The threads executor previously submitted one Future per particle.
ThreadPoolExecutor.submit + Future.result has ~50-200us of round-trip
overhead per dispatch on a 4-worker pool (Windows numbers; lower on
Linux). For lightweight fitness functions like DemographicFitness
(~30-100us per evaluation), per-particle dispatch loses to the serial
baseline because the dispatch tax exceeds the work.

v0.6.1 changes the threads dispatch to bundle particles into
n_workers contiguous chunks and submit one task per chunk. Each
task processes its slice serially within one worker thread, then
returns the slice; the executor re-stitches the slices in input order.
Worst-case threads improved from 0.14x to 0.41x of serial.

Threads still loses to serial on lightweight fitness — and that's
expected.
The honest answer (now in the module docstring) is that
threads is for fitness functions that release the GIL for substantial
wall-time:

  • a federated training round (network or disk I/O bound),
  • a large BLAS-heavy accuracy evaluation,
  • a fitness that calls into a C extension for milliseconds.

For fast closed-form scores (the common case in coalition-selection
benchmarks), use vectorized (3-10x speedup) or serial.

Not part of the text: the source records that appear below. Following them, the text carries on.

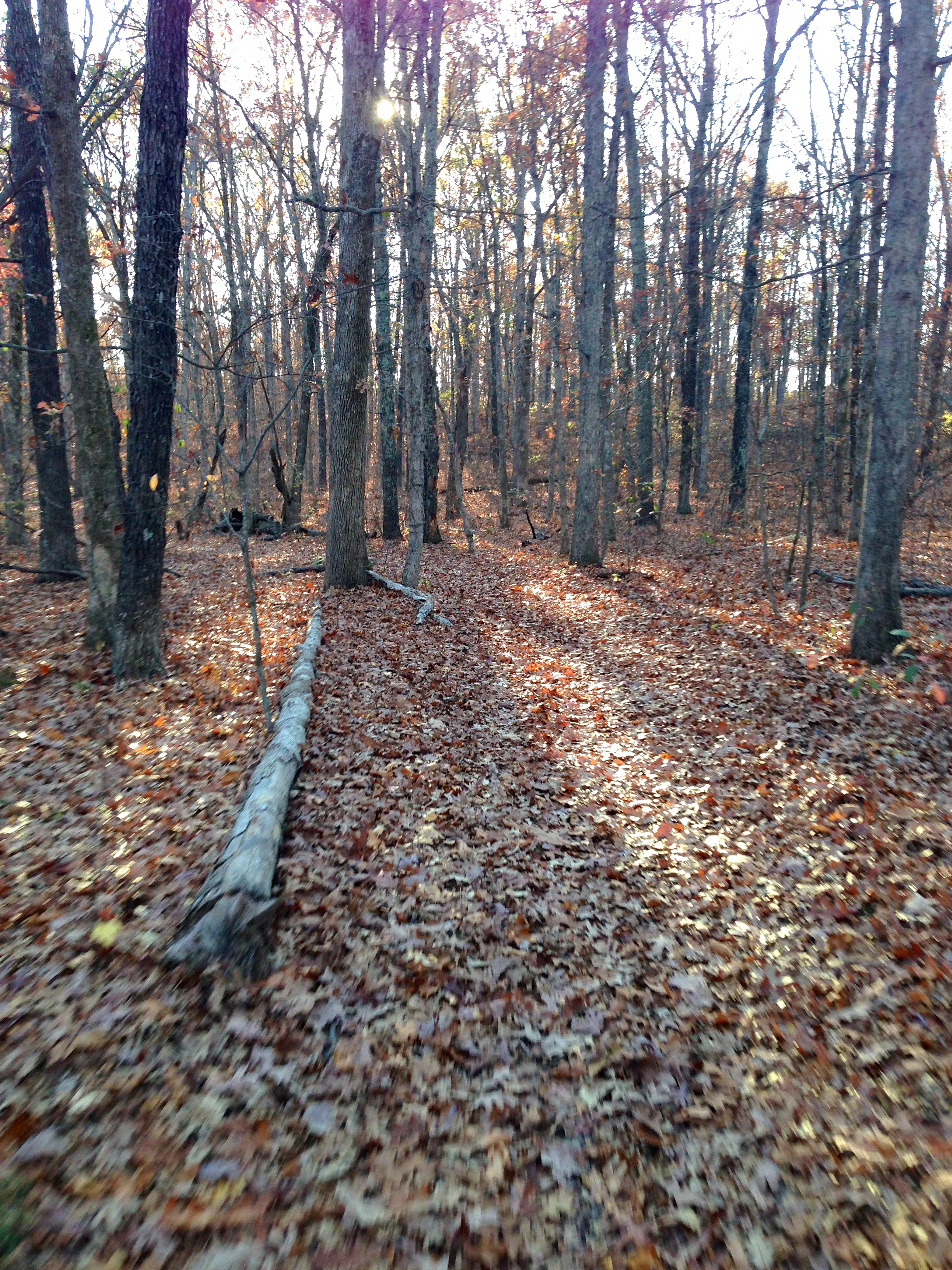 The course is mainly old horse trail, with lots and lots of exposed rock. This year, on top of that rock is lots and lots of dry leaves. I guess it was the perfect storm for leaves here and they all fell at the same time, maybe yesterday. Whatever the reason, you can’t see any of the course because of the cushion of leaves. That isnt’ a good thing. It is going to be easy to get lost, which is always a worry here.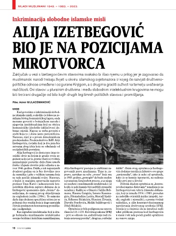 Kao izgrađeni intelektualac koji je dru- članova 114. i 133. Krivičnog zakona SFRJ tekst prilikom pretresa kod Izetbegovića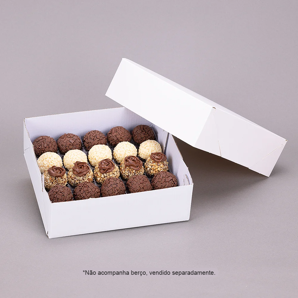 Com capacidade para 25 doces, essa caixa é ideal para confeiteiros que atuam com kits personalizados, lembranças e vendas sob encomenda. Seu formato retangular acomoda os doces com organização, agregando valor ao produto final com uma apresentação profissional.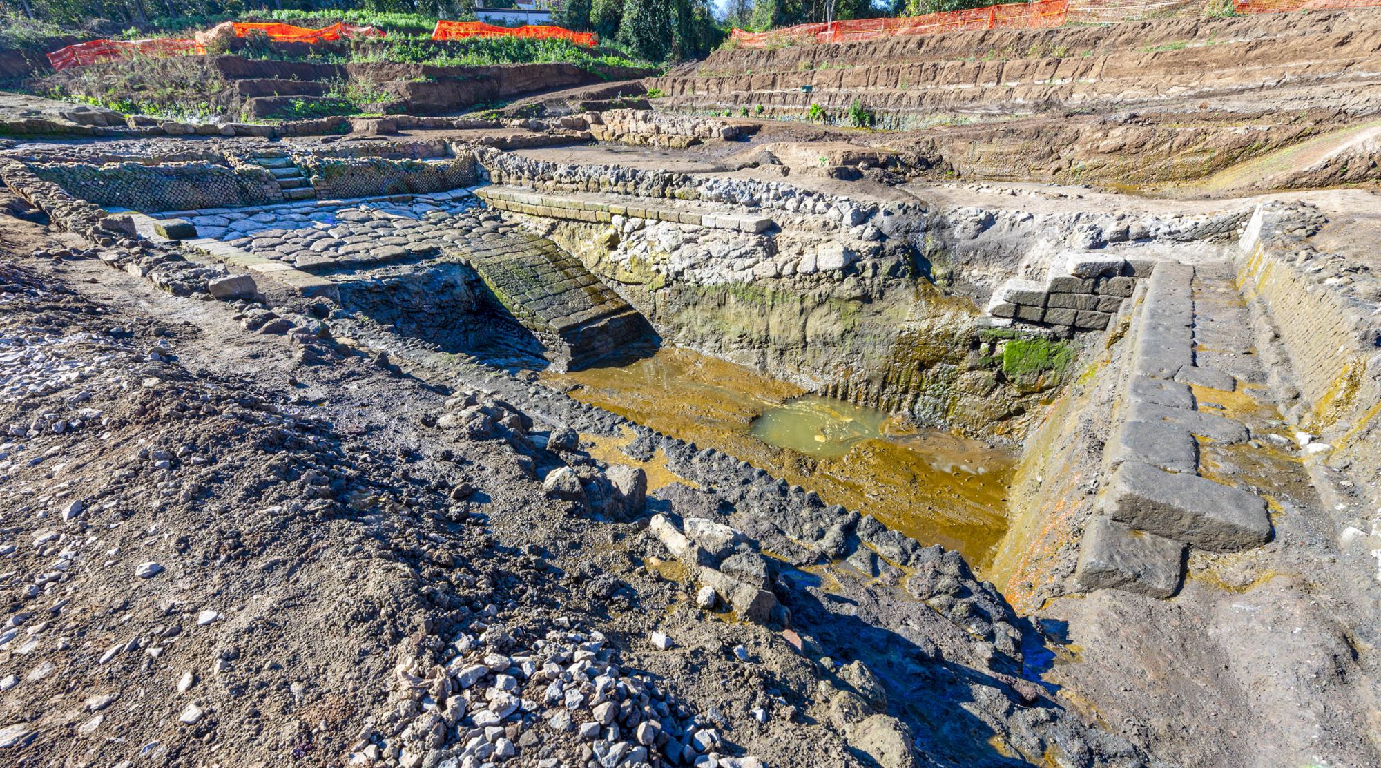 Dwa wspomniane baseny imponują rozmiarami. Jeden z nich ma 28x10 metrów i 2,1 metra głębokości. Sądząc po technice wykonania, opus incertum, powstał w II wieku p.n.e. W I wieku naszej ery przestał być wykorzystywany, a ostatecznie opuszczono to miejsce w II wieku. Nie wiadomo, do czego służył. Na podstawie wykorzystanych materiałów, fragmentów ceramiki i graffiti prawdopodobnie miał on znaczenie religijne lub gromadzona woda służyła do aktywności gospodarczej. Zasilany był systemem kanałów. Drugi z basenów jest mniejszy (21,9,2 metry), ale jego głębokość sięga 4 metrów). Powstał pod koniec II wieku p.n.e., a sto lat później dodano doń kolejne ściany oraz rampy. Ta struktura jest bardziej tajemnicza, gdyż nie znaleziono systemu zasilającego ją w wodę. Już wcześniej znajdowano podobne baseny z III wieku p.n.e. odnośnie których wysunięto hipotezę, że służyły celom kultowym. Na podstawie materiału, którym basen został zasypany, archeolodzy stwierdzili, że przestano zeń korzystać w II wieku naszej ery.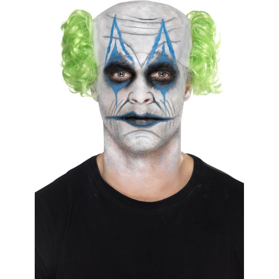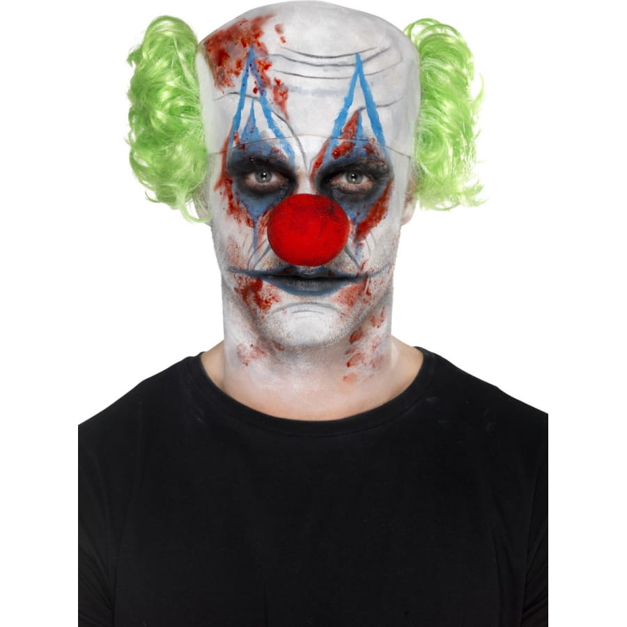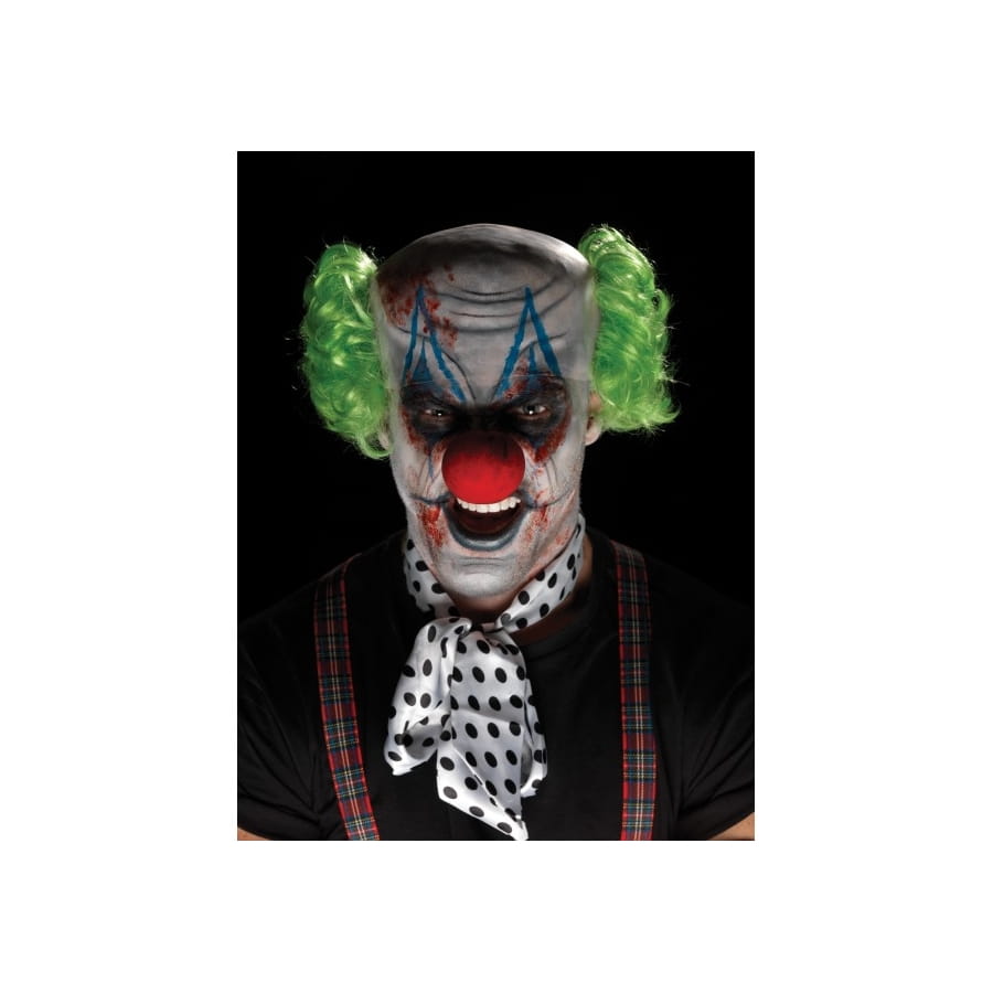 Habituellement, les clowns font rire mais à Halloween, ils se transforment en redoutables tueurs ! Métamorphosez-vous en un menaçant clown grâce au kit pour maquillage de clown sinistre. Il comprend un crâne chauve et deux touffes de cheveux verts qui vous rendront méconnaissable. Vous aurez affaire à de la peinture pour visage et à du faux sang pour créer des effets spéciaux. Vous disposerez d'un applicateur pour cela. Le fameux nez rouge de clown fera office de touche finale à votre maquillage.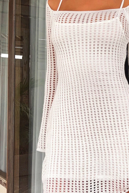 - white crochet mini dress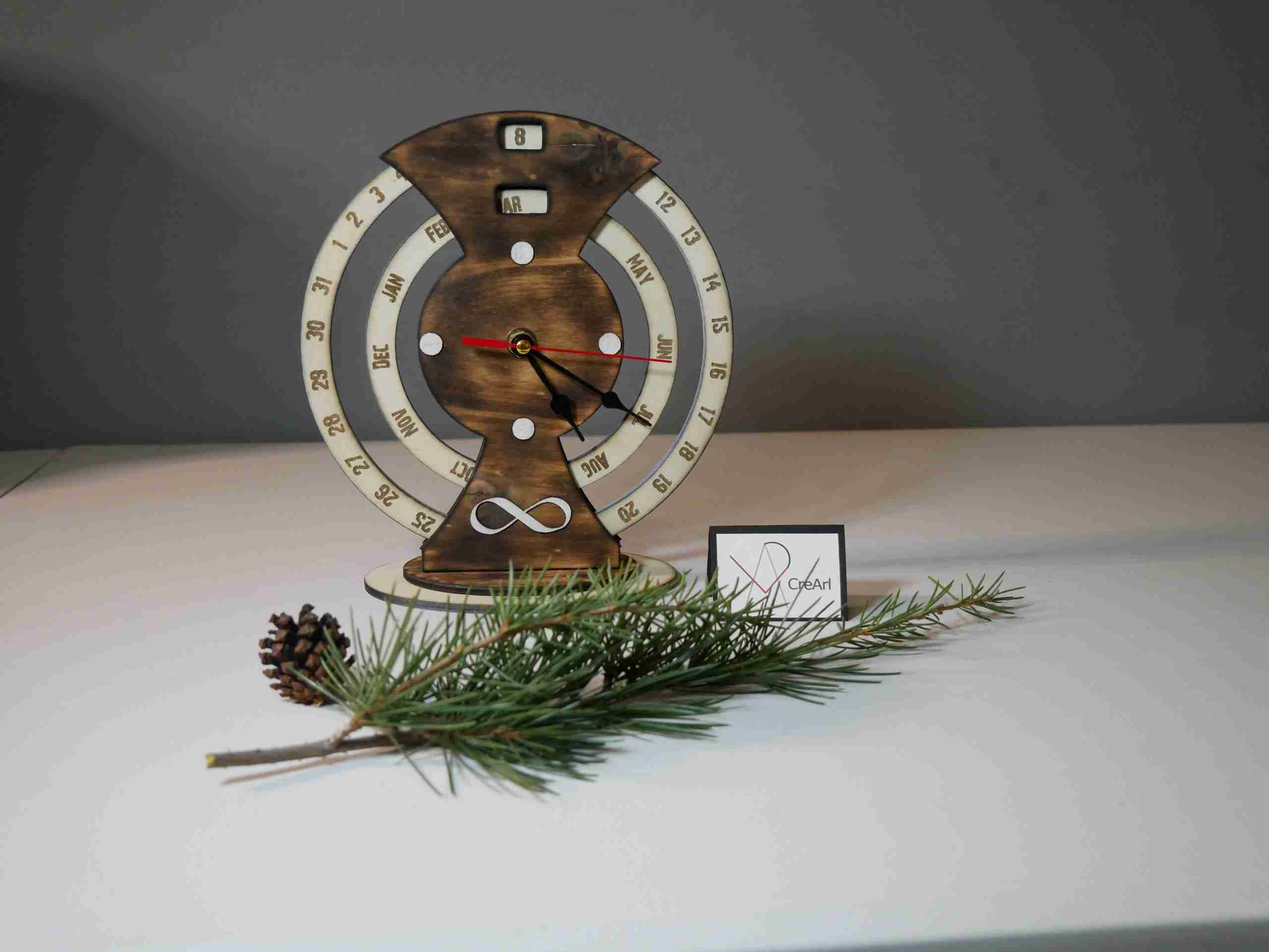 Illumina la tua scrivania con l’eleganza senza tempo di questo esclusivo orologio e calendario da tavolo perpetuo in legno. Realizzato con maestria artigianale e caratterizzato da linee pulite e un design minimalista, questo pratico complemento d’arredo è una combinazione perfetta di funzionalità e stile.

mypy --strict regression fix

The narrowing if ctx0.target_distribution is not None in
update_swarm_vectorized only constrained ctx0.target_distribution,
not the loop-local ctx.target_distribution. v0.6.1 binds the
narrowed reference once outside the loop. All contexts in one
iteration share the same snapshot anyway, so this is also a tiny
performance win (no per-iteration attribute access).

Tests & quality

  • 845 passing (+4 vs v0.6.0), 1 skipped, 0 failing
  • mypy --strict: clean across 48 source files
  • Four new tests pin the new contracts:
    • TestBatchedFairnessGradient::test_batched_matches_per_particle_machine_precision
    • TestBatchedFairnessGradient::test_batched_clip_matches_per_particle_clip
    • TestThreadsChunkedDispatch::test_threads_chunked_result_in_input_order
    • TestThreadsChunkedDispatch::test_threads_chunked_matches_serial_n_workers_invariant

Install

pip install --upgrade fairswarm==0.6.1

Reproducibility

Re-run the vectorized executor benchmark:

python experiments/bench_vectorized.py

The post-G11+G12 artifact is committed at
results/parallel_speedup/bench_vectorized_20260513_010046.json.

Reference

T. Norwood, D. Das, P. Chatterjee, E. Bentley, and U. Ghosh,
"FairSwarm: Trustworthy Coalition Selection for Fair and Secure
Federated Intelligence," IEEE Trans. Consum. Electron., 2026 (Submitted).